MRSA-Nachweis

Nachweis und Identifizierung von Methicillin-resistenten Staphylococcus aureus (MRSA)

Schlüsselpunkte

  • Gram +ve coccus
  • Traubenartige Zellcluster
  • Resistent gegen Methicillin und andere Penicilline
  • Kann auch als ORSA bezeichnet werden

MRSA Methicillin-resistente Staphylococcus aureus (MRSA) wurden erstmals in den frühen 1960er Jahren gemeldet und gelten heute weltweit als ein im Krankenhaus erworbener Erreger. Der Begriff Methicillin-resistent wird historisch verwendet, um die Resistenz gegen eine dieser Klassen von antimikrobiellen Mitteln zu beschreiben. Heute in den USA ca. 35% der Krankenhausstämme von S. aureus sind resistent gegen Methicillin (oder andere Penicillin-Antibiotika), und in den letzten Jahren hat das Auftreten von Vancomycin-resistentem S. aureus (VRSA) zusätzliche Besorgnis ausgelöst.Resistenz tritt auf, wenn der Organismus ein mecA-Gen hat, das ein verändertes Penicillin-Bindungsprotein, PBP2a (auch bekannt als PBP2′), und entweder eine Oxacillin-MHK von 2 mg / l oder eine Methicillin-MHK von 4 mg / l produziert.Infizierte und kolonisierte Patienten sind das Reservoir von MRSA sowohl in Krankenhäusern als auch in der Gemeinschaft, wobei die Übertragung im Allgemeinen über den Kontakt mit Gesundheitspersonal erfolgt.Effektive, schnelle Labordiagnostik und Empfindlichkeitstests sind entscheidend für die Behandlung, das Management und die Prävention von MRSA-Infektionen.

Detektionstechniken

Das Labor-Screening auf MRSA ist ein komplexes Gleichgewicht zwischen Ergebnisgeschwindigkeit, Sensitivität, Spezifität und Kosten.
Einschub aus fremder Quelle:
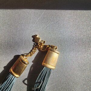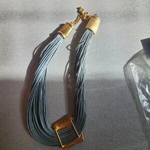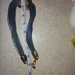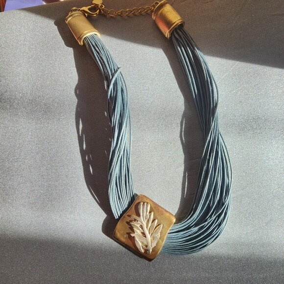 Michelle Rhodes Art multi-strand blue leather rod with metal leaf pendant. smoke free/pet friendly home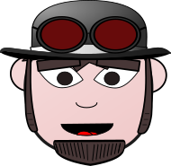 This features a cartoon character with a goofy smile, wearing a hat and goggles. He has a mustache and appears to be enjoying himself. The character is wearing a black shirt and a tie, adding a touch of formality to his outfit. His facial expression suggests that he might be making a joke or simply having a good time. Overall, the image portrays a lighthearted and fun atmosphere with the cartoon man as its central figure.

Derzeit wird der Großteil des Screenings mit plattenbasierten Methoden durchgeführt. Umfragen deuten darauf hin, dass diese Methodengruppe >90% der durchgeführten Screening-Tests ausmacht.

Eine Reihe alternativer Methoden, einschließlich Bouillon-basierter Methoden, chromogener Medien, Schnellscreening-Kits, molekularer Assays und automatisierter Systeme, werden jedoch zunehmend eingesetzt. Die Isolierung von Screening-Tupfern kann aufgrund der Anzahl kontaminierender Organismen, die in Tupfern von nicht sterilen Stellen vorhanden sind, ein langwieriger Vorgang sein.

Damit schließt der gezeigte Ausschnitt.